I’m about to say something counter-cultural. I am grateful for COVID-19. More specifically, I am grateful for the opportunity to emerge stronger from the coronavirus craziness. The facts about the disease do not warrant the hysteria, however there is a silver lining.
- Most people who fall sick with COVID-19 experience mild to moderate symptoms and recover without special treatment.
- In my home county of Pennsylvania, Allegheny County, there were more fatalities due to alcohol-related vehicle accidents in 2018, than there are COVID-19 related deaths to date.
- Over 50% of the COVID-19 deaths (844) in PA were in Philadelphia county and the three bordering suburban counties in PA, Montgomery, Delaware and Bucks.

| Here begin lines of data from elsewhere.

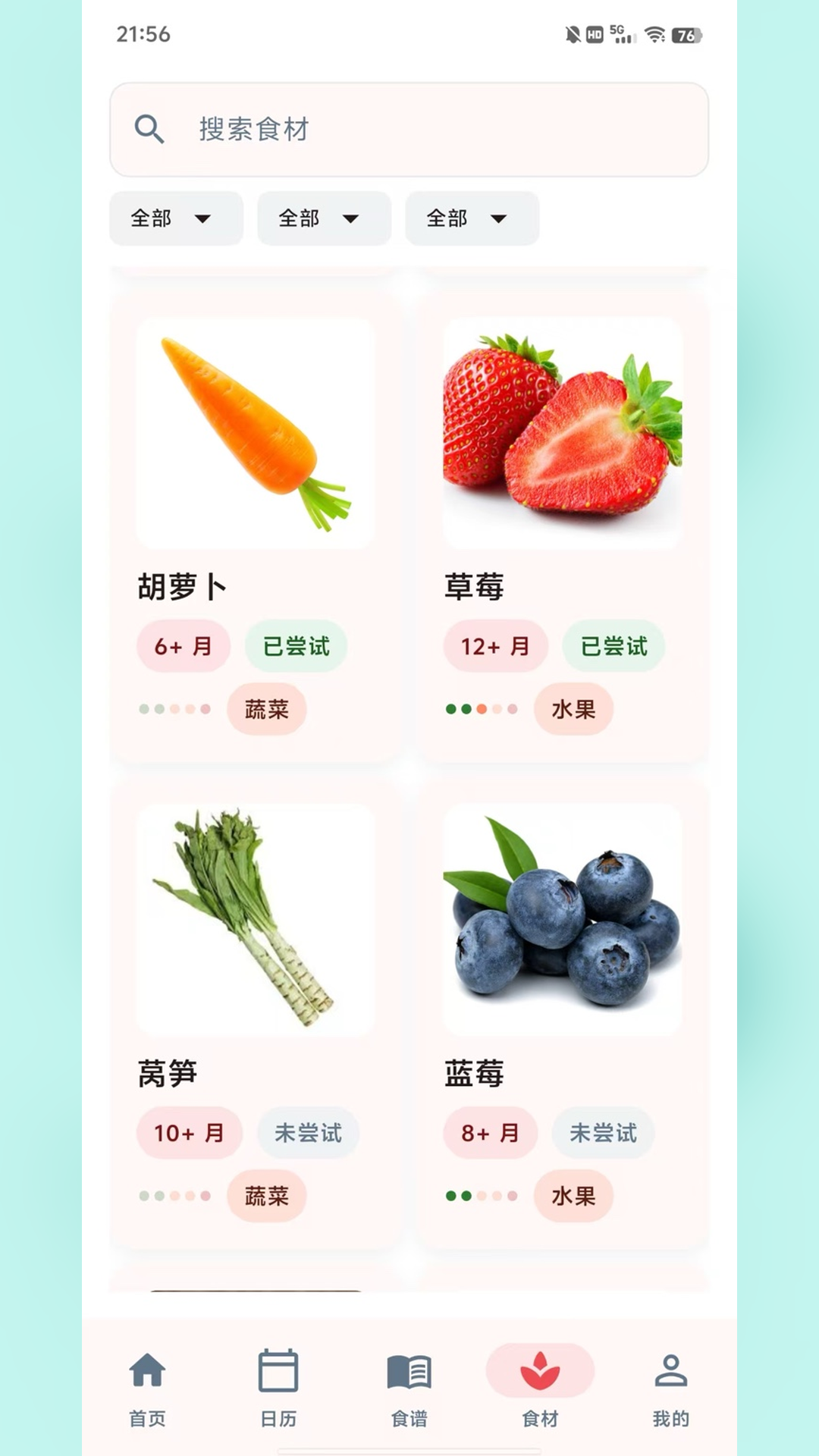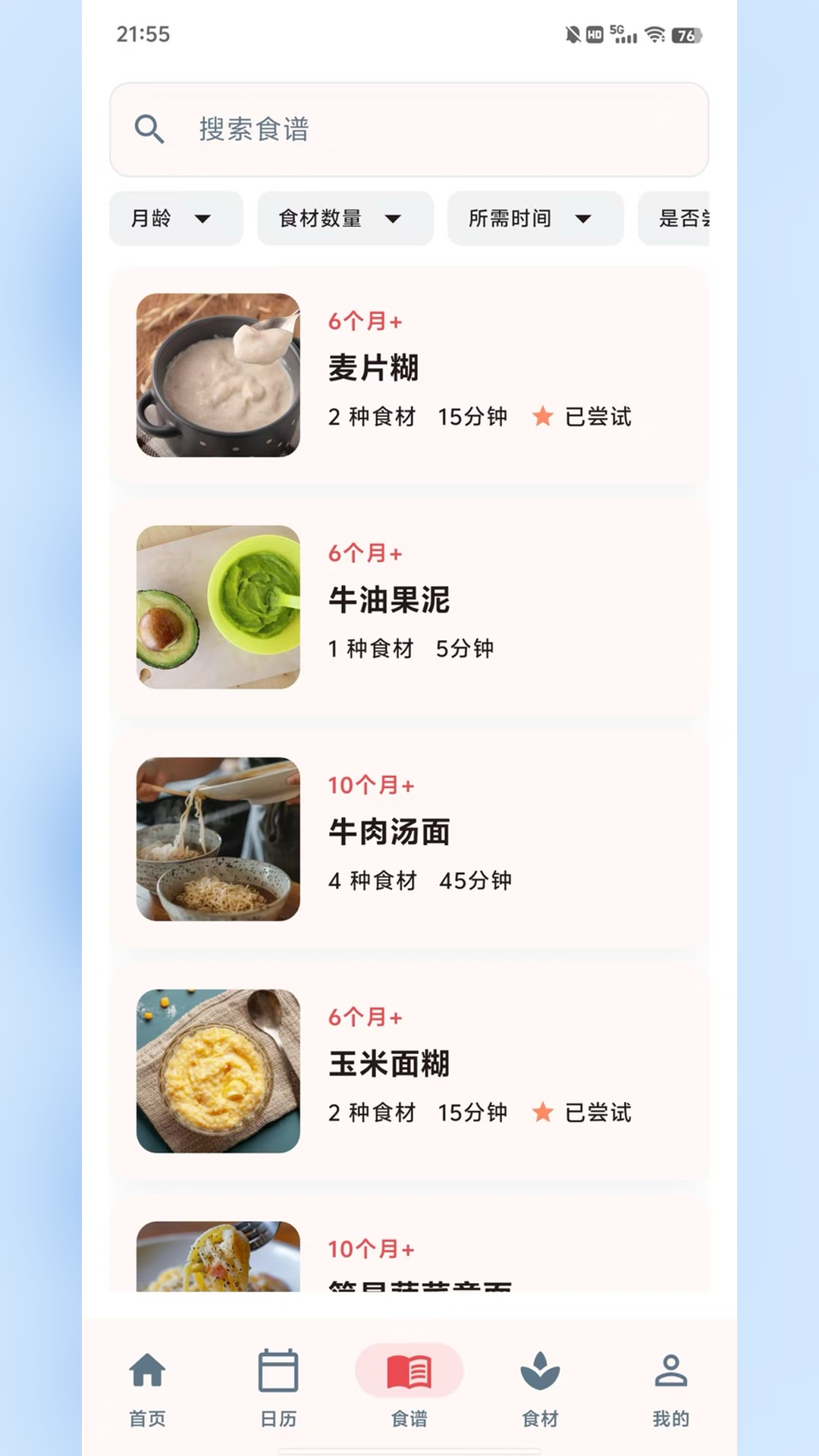 3、应用根据宝宝的年龄和成长阶段,为家长推荐合适的辅食食材和搭配方案。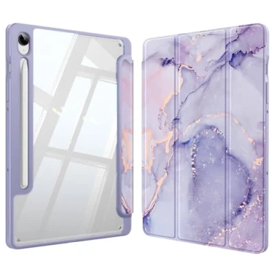 FINTIE Hybrid Slim Case for Samsung Galaxy Tab S10 Lite/ FE 2025/ S9 10.9 Inch/ 11 Inch 2023 with S Pen Holder, Shockproof Cover Clear Back Shell, Auto Wake/Sleep, Lilac Marble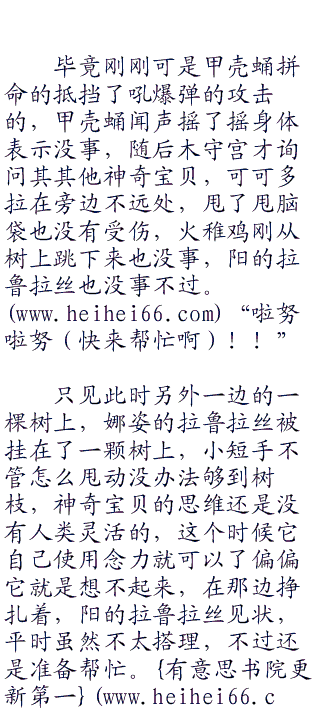 木守宫和可可多拉带着甲壳蛹躲避着,而两只拉鲁拉丝和火稚鸡也是各自躲避,但是吼爆弹并没有受过训练,而且正处于暴怒状态也不会去躲避攻击直接被其中的一道空气切割命中了,强大的爆炸之中,只见烟雾之中,受了伤的吼爆弹眼中冒着愤怒的火光来。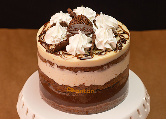 Bolo de chocolate, musse de chocolate e café, doce de leite. Foto ilustrativa. Manter refrigerado.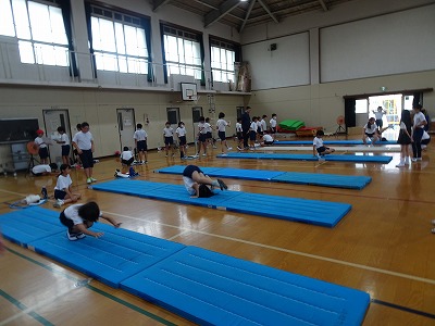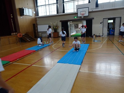 マット運動の学習をすすめています。ねらい1では、できる技の連続技や組合わせ技にチャレンジします。友達とアドバイスをし合いながら頑張りました。
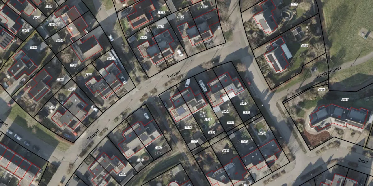 Het perceel waarop Teugel 16 staat heeft een oppervlakte van 369 m². Dit is een groot perceel. De perceeloppervlakte wordt geregistreerd door het Kadaster. Gedetailleerde informatie over de maten van dit perceel kunt u vinden in het rapport Kadastrale kaart met maatvoering van Teugel 16.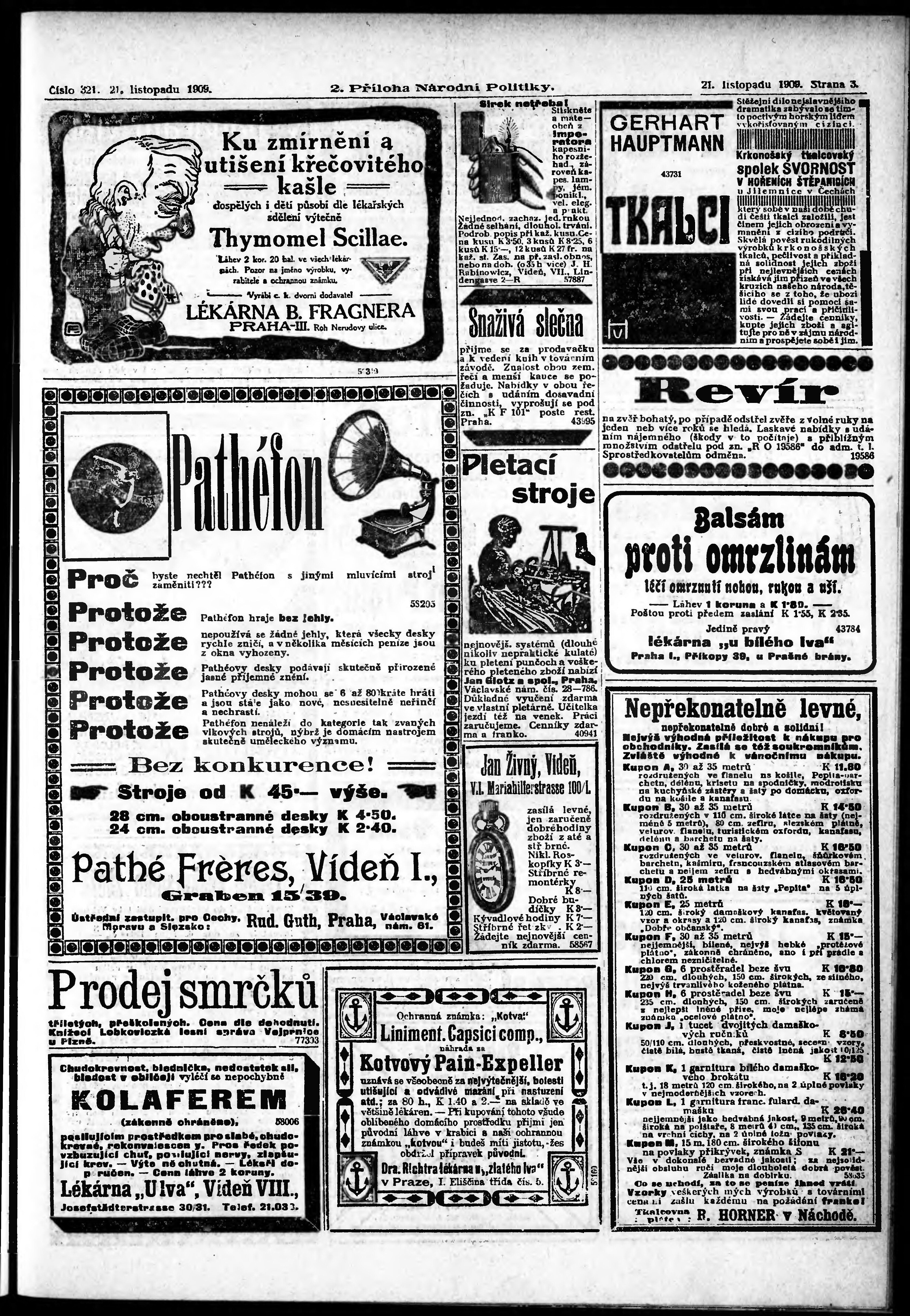 * Datum vydání výtisku: 21.11.1909 Číslo výtisku: 321 Typ výtisku: příloha Poznámky k výtisku: 2. příloha;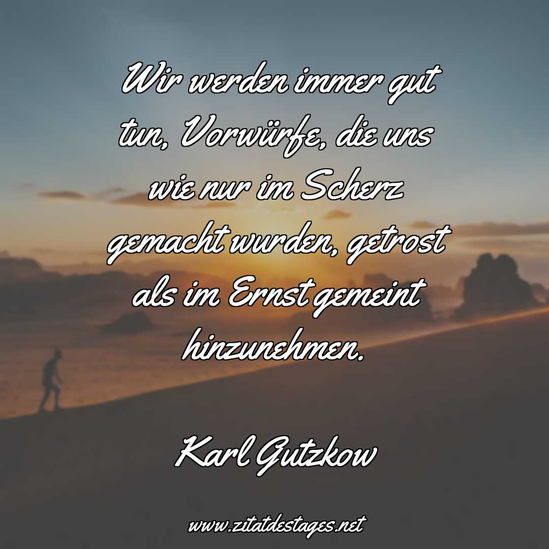 Das heutige Zitat des Tages lautet: „Wir werden immer gut tun, Vorwürfe, die uns wie nur im Scherz gemacht wurden, getrost als im Ernst gemeint hinzunehmen.“ (Karl Gutzkow)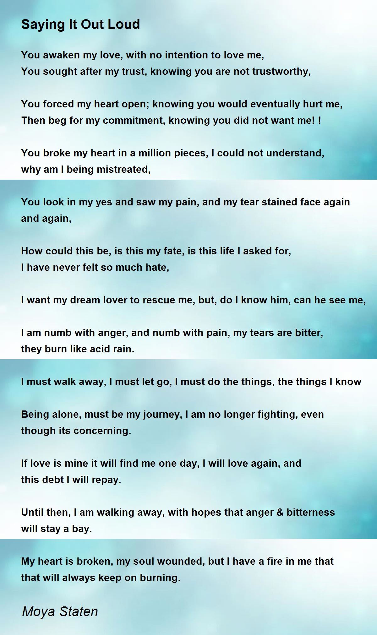 You broke my heart in a million pieces, I could not understand, why am I being mistreated,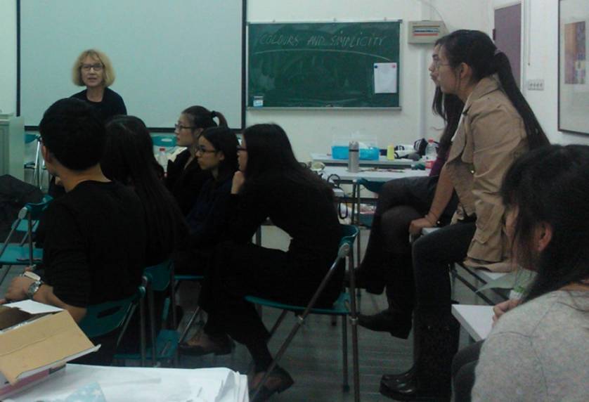 课程第一周,在上海当代艺术馆Pirjo教授带领大家参观了“设计炫彩生活-芬兰当代设计与Marimekko展”,作为首展拉开2012年芬兰革新设计周的序幕,大家在展览中欣赏了很多芬兰的优秀设计,Marimekko展以一种独特视角呈现芬兰历史悠久的设计传统,还让大家了解到真正好的设计是应该自然地融入人们的日常生活中的,这一点让同学们都受益匪浅。开展回来之后,Pirjo教授与大家探讨芬兰的设计。大家各抒己见,包括一件好的服装所需要的元素、西方和东方的审美等问题,同学们发现中国与芬兰在服装文化及服装观念上虽大致保持一致,但同时也求同存异,各自有一些更符合自己国情的想法。Pirjo教授希望同学们能找到自己作为设计师的风格和喜好,并让大家把自己的一些想法和灵感记录在素描本上,同学们在课堂上积极发言,课堂气氛相当热烈。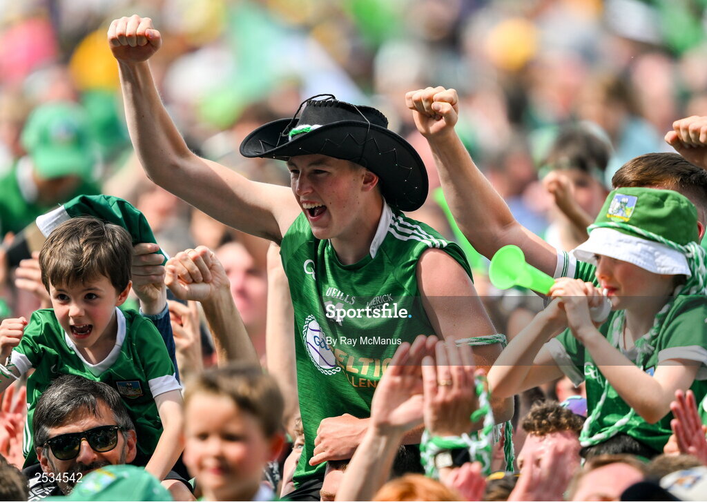 11 June 2023; Limerick supporters celebrate after the Munster GAA Hurling Championship Final match between Clare and Limerick at TUS Gaelic Grounds in Limerick. Photo by Ray McManus/Sportsfile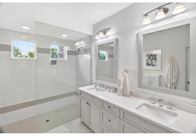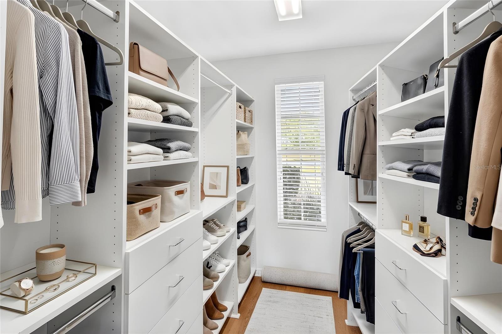 The thoughtfully designed layout offers three bedrooms and a dedicated den on the main level, along with a luxurious primary suite featuring custom California Closets, dual vanities, and a spacious walk-in shower. Upstairs, a private fourth bedroom or bonus retreat with full bath and walk-in closet provides ideal flexibility for guests, a home office, or multi-generational living.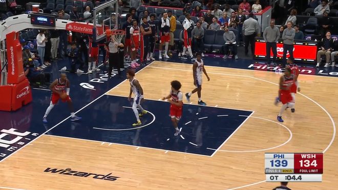 但,这最后的不到3分钟时间,76人愣是轰出一波10-0将比赛拖进加时,随后加时赛,76人又在一上来就被打了5-0的情况下,还了奇才一波13-3,逆转收下胜利。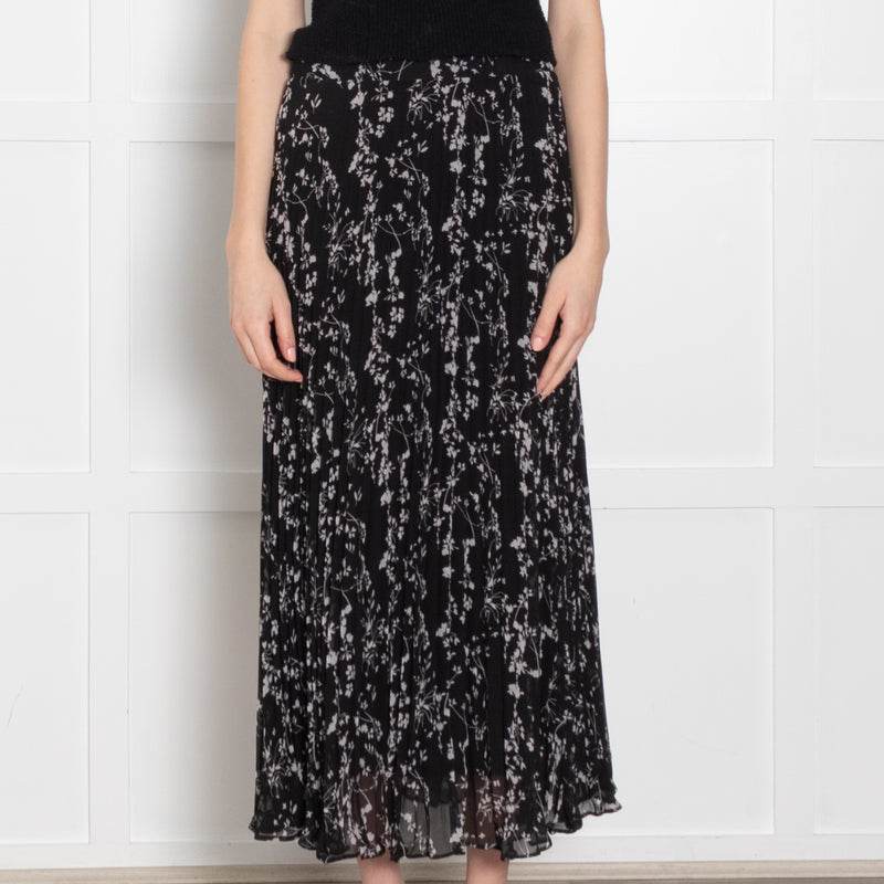 Ba & Sh Black White Floral Pleated Midi Skirt

Now, I do not offer this small subset of data to dispute the seriousness of the pandemic. However, I do offer them as a matter of perspective. As a law-abiding citizen, I am willing to take prudent measures to mitigate the risk of transmission as I function day-in and day-out in society. To assume any less of me is insulting and juvenile. I take offense to Governor Wolf’s coercion of the good people of PA. He has bullied most of us into submission. Rather than trusting us to be mature, responsible adults, he has treated us like an overprotective parent of teenagers. I am as likely to be killed behind the steering wheel of my car than I am COVID-19, and I’ve taken that educated risk my whole life.
However, there’s a silver lining. There is an opportunity for people, families and businesses to emerge stronger from the coronavirus craziness. Companies and families will be healthier because they are organic teams that are intrinsically intertwined. The Industrial Revolution served to split them into two teams. But now, thanks to COVID-19, they will be more tightly integrated once again. We’ll be better able to make a living and make a family.
The walls between “the office” and “the home” have been shattered, thank God. For 25 years, I’ve long been bothered by the separation of work and home. It seemed like even white-collar companies were designed and run as factories where employees were just cogs to be used to make a profit. The daily grind forced us to spend more time with our colleagues than with our families. Now the 9 to 5 corona grind has forced us to find a way to be as productive working with our families occupying the same space. What a blessing!
After six weeks or so, my teammates are expressing they may actually be more productive working from home. Sure, they miss the camaraderie that existed in our business office setting and believe an ideal environment would offer the flexibility of having both a business and home office. In other words, they’re affirming what I’ve long said, “My office is wherever I am.” Since the Internet was commercialized in the 1990’s, I’ve professed those words.
So, with all due respect to the seriousness of the pandemic and despite my frustration with not being treated like a mature adult, I am so grateful for COVID-19. It has hastened the opportunity to redefine the meaning of work and home in a much healthier way. It has created more openness and awareness that professionals can be trusted to be productive no matter where they are. It gives everyone a better ability to meet our most innate need, the need to feel significant, which is not possible unless what we do contributes to the welfare of others. That includes our teammates, communities and families.
I am thankful for the 9 to 5 corona grind. I am grateful for it’s silver lining.